_DATASET EXCERPTS_

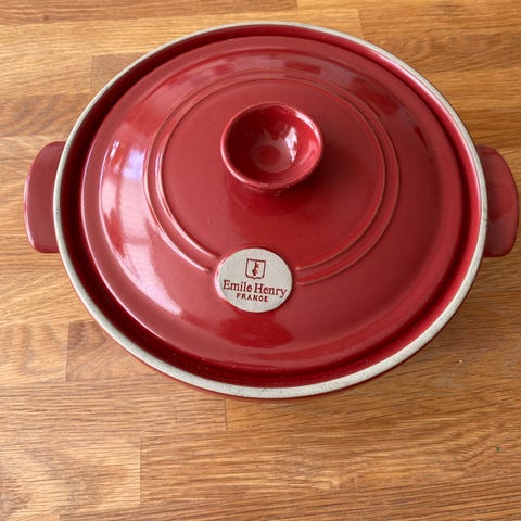 Tajine, diameter 32 cm, kapacitet 3 l, lavet af FLAME® keramik - mærket Emile Henry. Brugt kun en gang.
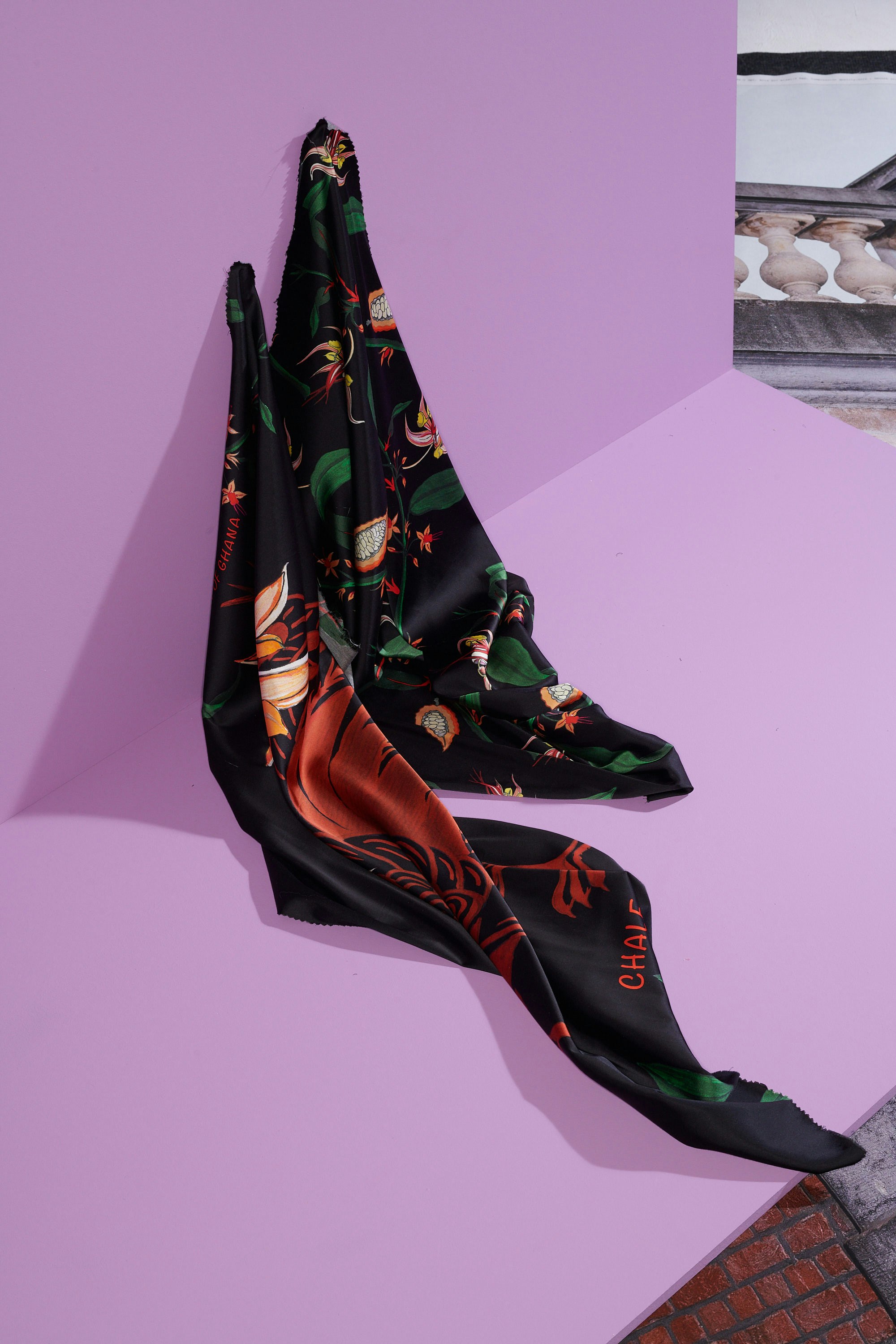 Uit een mix van viscose en satijn creëerden Antwerps modelabel YNGR, regisseur Anthony Nti en tweedehands designshop Labels Inc. deze unisex shirt en broek met Ghanese print. Anthony’s Ghanese roots vormden de inspiratie voor de botanische tekeningen van cacao en de Sankofa vogel, een Ghanees symbool voor de levenslessen van het verleden.
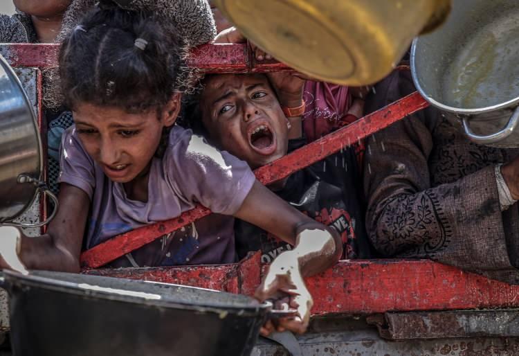 İsrail’in Gazze Şeridi’ne uyguladığı abluka ve devam eden saldırılar nedeniyle gıdaya erişimde zorluk yaşayan Filistinlilere, bir hayır kurumu tarafından yemek dağıtımı yapıldı. Gazze kentinde gerçekleşen dağıtım sırasında yoğunluk oluştu.
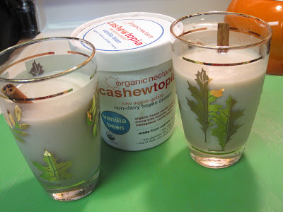 Cheater– lol- yes I am! I wanted a quick vegan snack! I was hanging out with one major meat eater and 2 vegetarians.. lol- they had to know we (vegans) can do fun shakes and snacks too! I really enjoy finding non health food stores that carry vegan items! When you think about it, dairy free items are on the rise and should be even more popular than they are due to the high rate of people who are lactose intolerant.This shake was really basic- just a banana and ice cream! The ice cream is made from cashew nuts. The brand I found here is from Organic Nectars: Cashewtopia!
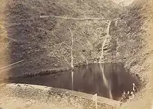 The area soon became a tourist attraction for the early South Australian colonists, and was a popular destination for picnickers. In 1851 Francis Clark wrote that "Waterfall Gully is the most picturesque place for a picnic that I have ever visited",[16] and by the 1860s the area had become known throughout Adelaide.[14] The use of Waterfall Gully as picnic spot was facilitated by the decision of the government of the day not to subdivide the area containing the waterfalls. Section 920, as it was designated, did not enter into private hands, and thus members of the public were able to access the area from the nearby suburb of Eagle on the Hill on Mount Barker road.[17] The position of the Eagle on the Hill hotel proved advantageous for this, as it permitted visitors to stop by for lunch before walking down the hill in the afternoon.[18]
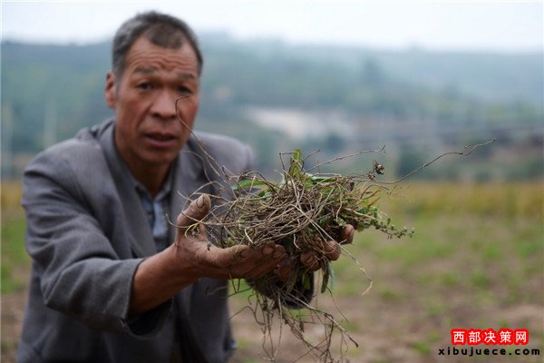 9月28日,定西市渭源縣清源鎮(zhèn)崔家河村,一位農(nóng)民展示從地里挖出來(lái)的已經(jīng)旱死的黨參。
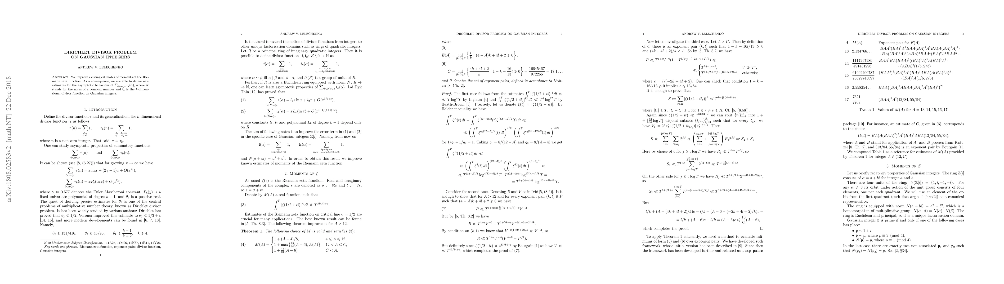 We improve existing estimates of moments of the Riemann zeta function. As a consequence, we are able to derive new estimates for the asymptotic behaviour of $\sum_{N \alpha \le x} \mathfrak{t}_k(\alpha)$, where $N$ stands for the norm of a complex number and $\mathfrak{t}_k$ is the $k$-dimensional divisor function on Gaussian integers.
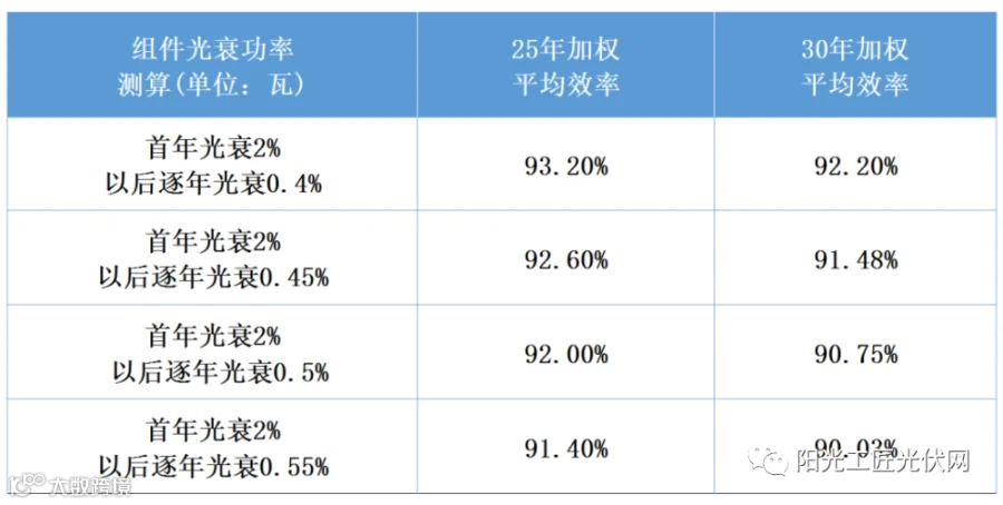 将光伏组件全生命周期光衰进行加权平均,按照使用寿命25年和30年分别计算可以得出光伏组件在生命周期内的平均发电效率,有了这个平均发电效率才能更便捷地估算光伏组件的总发电量,也才好估算总收入和利润。为了保守起见我们还是采用首年光衰2%,以后逐年光衰0.55%来进行测算。

_TO DO_
Skipping every picture, reproduce the records word for word.

_ANSWER TO THE PROBLEM_
 Tajine, diameter 32 cm, kapacitet 3 l, lavet af FLAME® keramik - mærket Emile Henry. Brugt kun en gang.
 Uit een mix van viscose en satijn creëerden Antwerps modelabel YNGR, regisseur Anthony Nti en tweedehands designshop Labels Inc. deze unisex shirt en broek met Ghanese print. Anthony’s Ghanese roots vormden de inspiratie voor de botanische tekeningen van cacao en de Sankofa vogel, een Ghanees symbool voor de levenslessen van het verleden.
 İsrail’in Gazze Şeridi’ne uyguladığı abluka ve devam eden saldırılar nedeniyle gıdaya erişimde zorluk yaşayan Filistinlilere, bir hayır kurumu tarafından yemek dağıtımı yapıldı. Gazze kentinde gerçekleşen dağıtım sırasında yoğunluk oluştu.
 Cheater– lol- yes I am! I wanted a quick vegan snack! I was hanging out with one major meat eater and 2 vegetarians.. lol- they had to know we (vegans) can do fun shakes and snacks too! I really enjoy finding non health food stores that carry vegan items! When you think about it, dairy free items are on the rise and should be even more popular than they are due to the high rate of people who are lactose intolerant.This shake was really basic- just a banana and ice cream! The ice cream is made from cashew nuts. The brand I found here is from Organic Nectars: Cashewtopia!
 The area soon became a tourist attraction for the early South Australian colonists, and was a popular destination for picnickers. In 1851 Francis Clark wrote that "Waterfall Gully is the most picturesque place for a picnic that I have ever visited",[16] and by the 1860s the area had become known throughout Adelaide.[14] The use of Waterfall Gully as picnic spot was facilitated by the decision of the government of the day not to subdivide the area containing the waterfalls. Section 920, as it was designated, did not enter into private hands, and thus members of the public were able to access the area from the nearby suburb of Eagle on the Hill on Mount Barker road.[17] The position of the Eagle on the Hill hotel proved advantageous for this, as it permitted visitors to stop by for lunch before walking down the hill in the afternoon.[18]
 9月28日,定西市渭源縣清源鎮(zhèn)崔家河村,一位農(nóng)民展示從地里挖出來(lái)的已經(jīng)旱死的黨參。
 We improve existing estimates of moments of the Riemann zeta function. As a consequence, we are able to derive new estimates for the asymptotic behaviour of $\sum_{N \alpha \le x} \mathfrak{t}_k(\alpha)$, where $N$ stands for the norm of a complex number and $\mathfrak{t}_k$ is the $k$-dimensional divisor function on Gaussian integers.
 将光伏组件全生命周期光衰进行加权平均,按照使用寿命25年和30年分别计算可以得出光伏组件在生命周期内的平均发电效率,有了这个平均发电效率才能更便捷地估算光伏组件的总发电量,也才好估算总收入和利润。为了保守起见我们还是采用首年光衰2%,以后逐年光衰0.55%来进行测算。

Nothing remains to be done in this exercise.